• **Records shown**:
Content starts

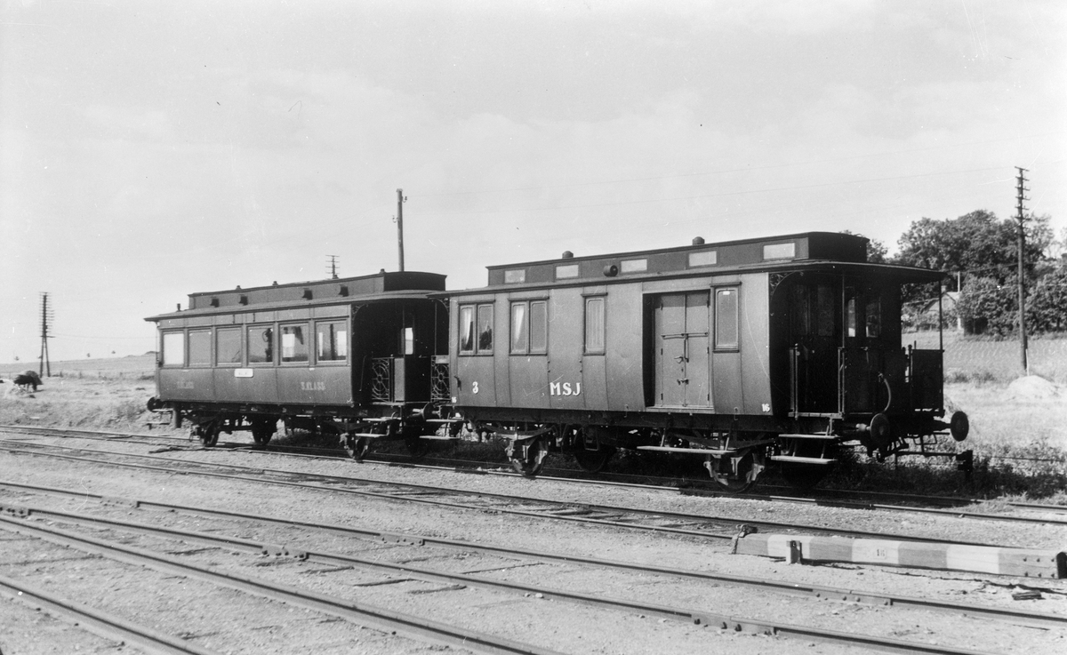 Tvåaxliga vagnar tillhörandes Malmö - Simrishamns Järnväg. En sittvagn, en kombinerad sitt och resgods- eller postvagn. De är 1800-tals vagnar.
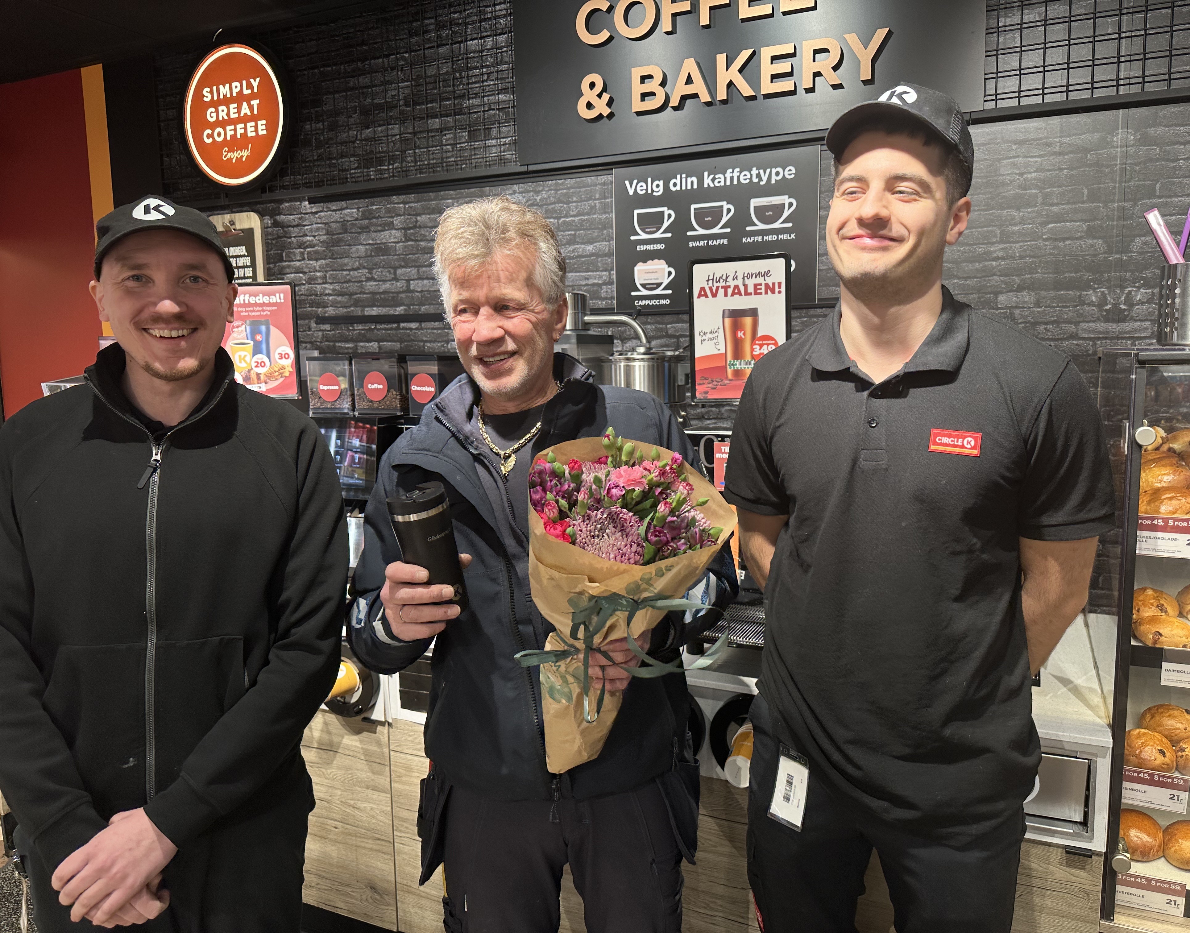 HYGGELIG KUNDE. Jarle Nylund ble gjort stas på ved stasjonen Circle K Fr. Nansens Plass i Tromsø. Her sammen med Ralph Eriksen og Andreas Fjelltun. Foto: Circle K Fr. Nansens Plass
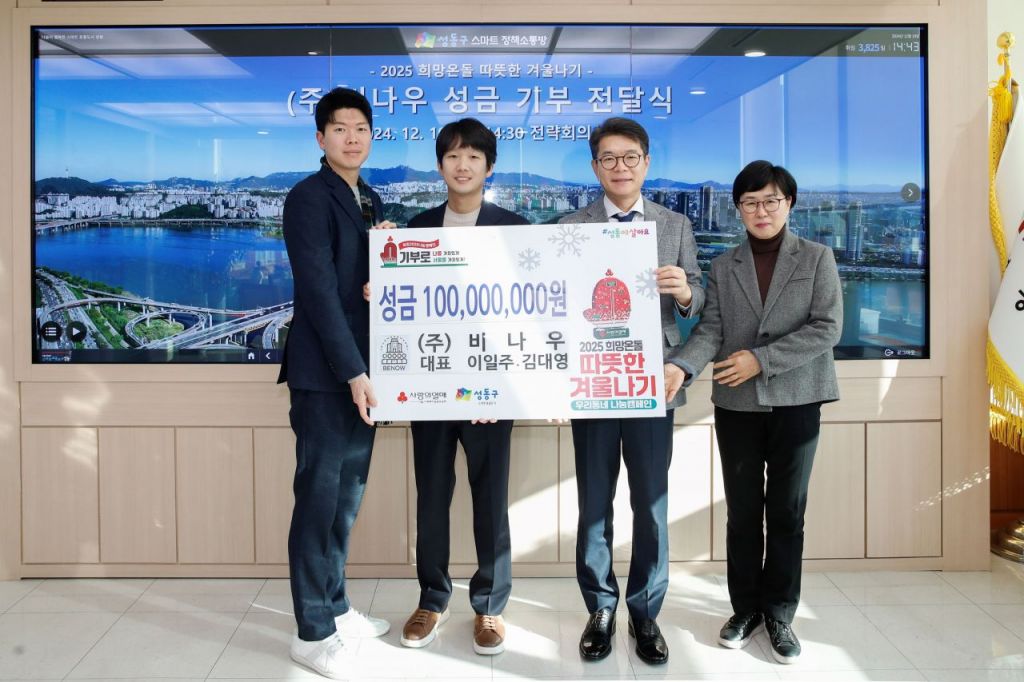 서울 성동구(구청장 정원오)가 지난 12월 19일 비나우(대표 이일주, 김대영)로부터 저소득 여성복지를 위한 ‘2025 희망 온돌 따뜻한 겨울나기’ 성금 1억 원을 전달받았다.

Content ends
Content starts

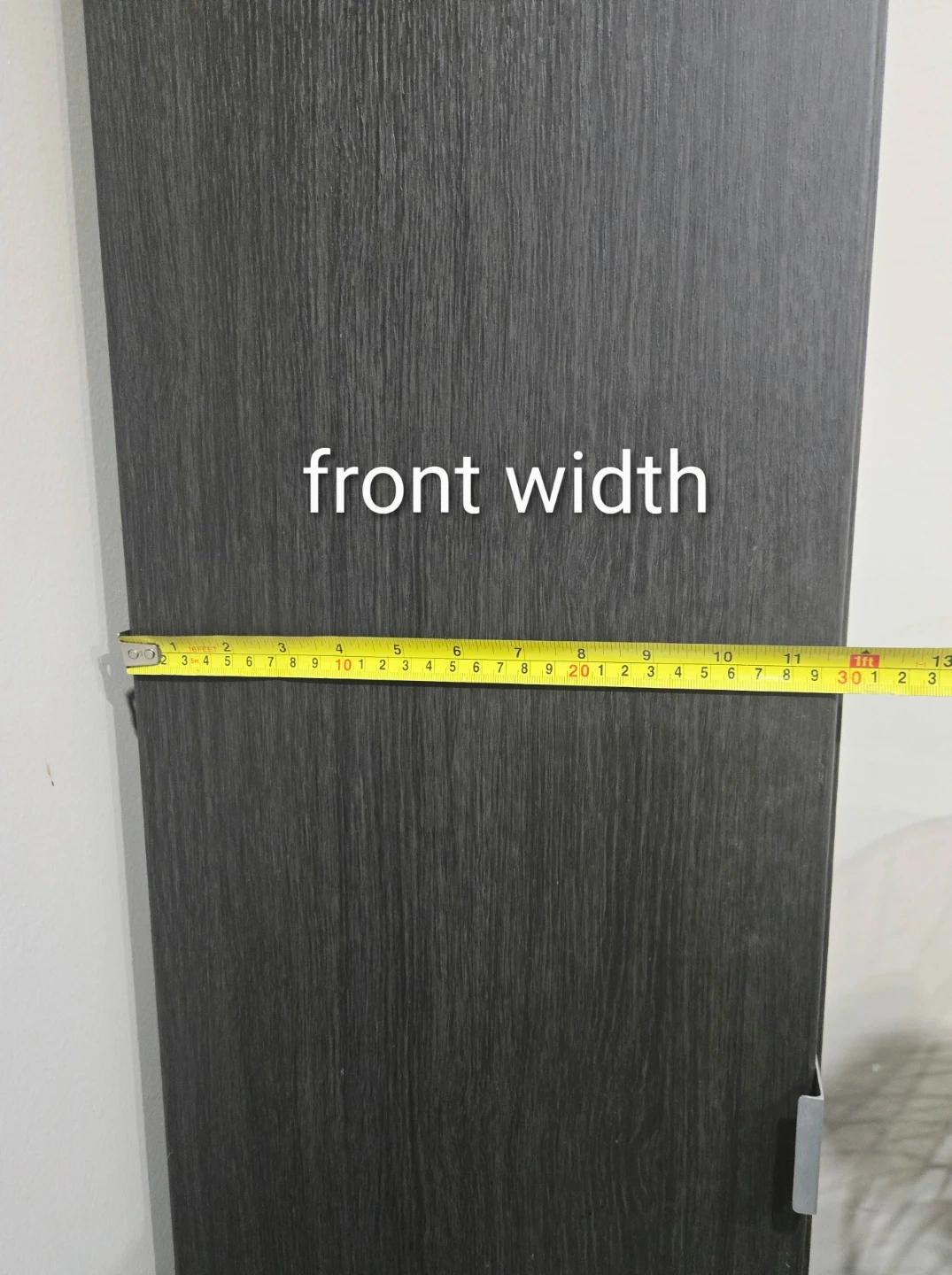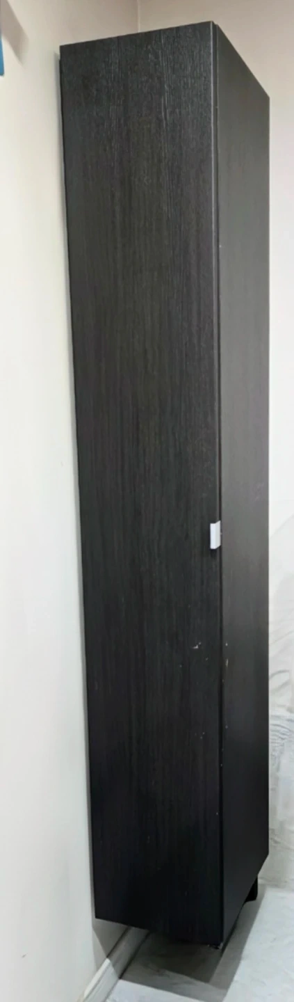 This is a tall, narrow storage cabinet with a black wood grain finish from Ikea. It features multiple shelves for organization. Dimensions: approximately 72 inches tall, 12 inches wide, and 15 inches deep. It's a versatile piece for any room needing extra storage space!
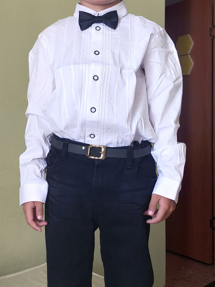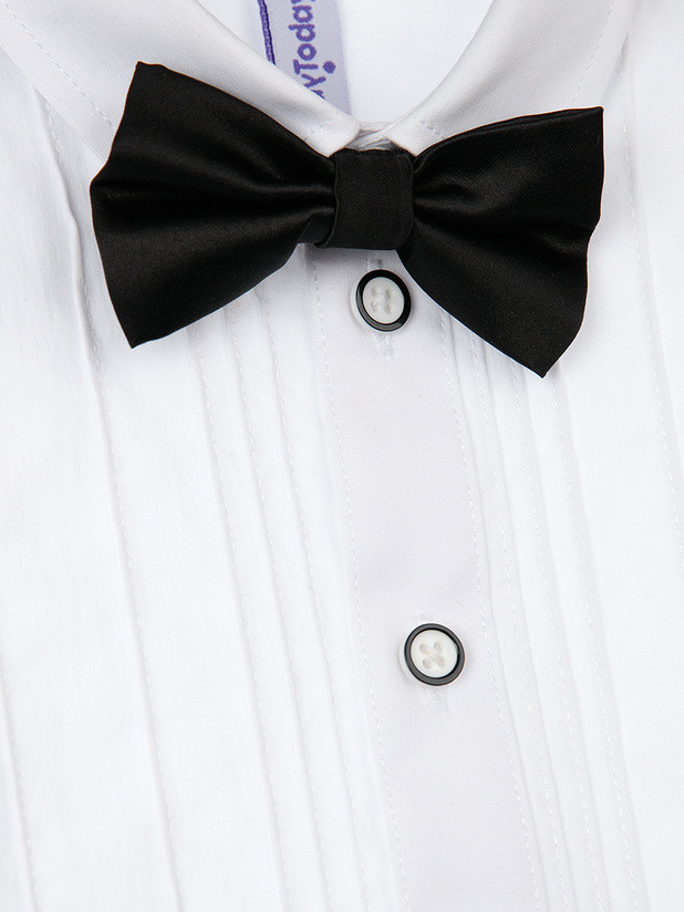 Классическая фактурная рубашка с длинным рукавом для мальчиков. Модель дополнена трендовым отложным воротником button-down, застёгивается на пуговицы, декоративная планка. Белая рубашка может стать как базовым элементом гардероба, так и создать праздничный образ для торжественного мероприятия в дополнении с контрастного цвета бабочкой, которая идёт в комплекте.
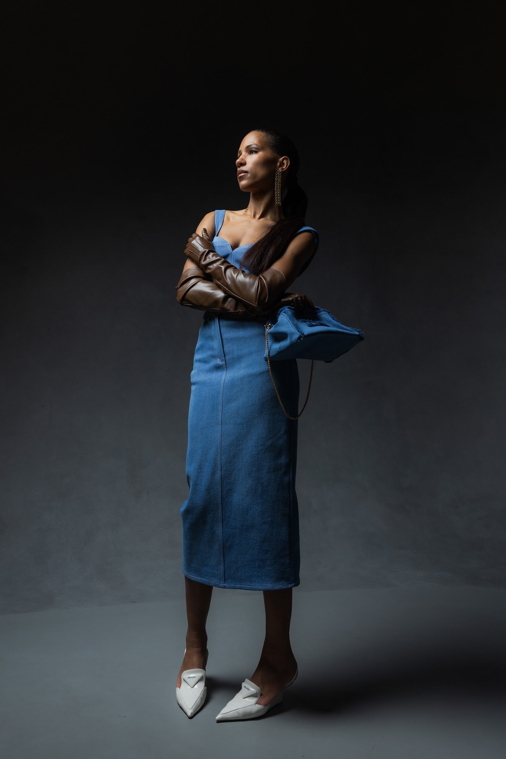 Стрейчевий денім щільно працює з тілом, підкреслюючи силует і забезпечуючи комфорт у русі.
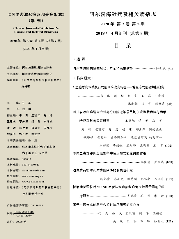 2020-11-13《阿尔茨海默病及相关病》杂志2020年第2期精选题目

Content ends

• **What this task involves**:
Given the listing above, retype only the span of lines from the line with "Классическая фактурная рубашка" up to and including the line with "2020-11-13《阿尔茨海默病及相关病》杂志2020年第2期精选题目", exactly as it stands and without pictures.

• **Response to the task**:
 Классическая фактурная рубашка с длинным рукавом для мальчиков. Модель дополнена трендовым отложным воротником button-down, застёгивается на пуговицы, декоративная планка. Белая рубашка может стать как базовым элементом гардероба, так и создать праздничный образ для торжественного мероприятия в дополнении с контрастного цвета бабочкой, которая идёт в комплекте.
 Стрейчевий денім щільно працює з тілом, підкреслюючи силует і забезпечуючи комфорт у русі.
 2020-11-13《阿尔茨海默病及相关病》杂志2020年第2期精选题目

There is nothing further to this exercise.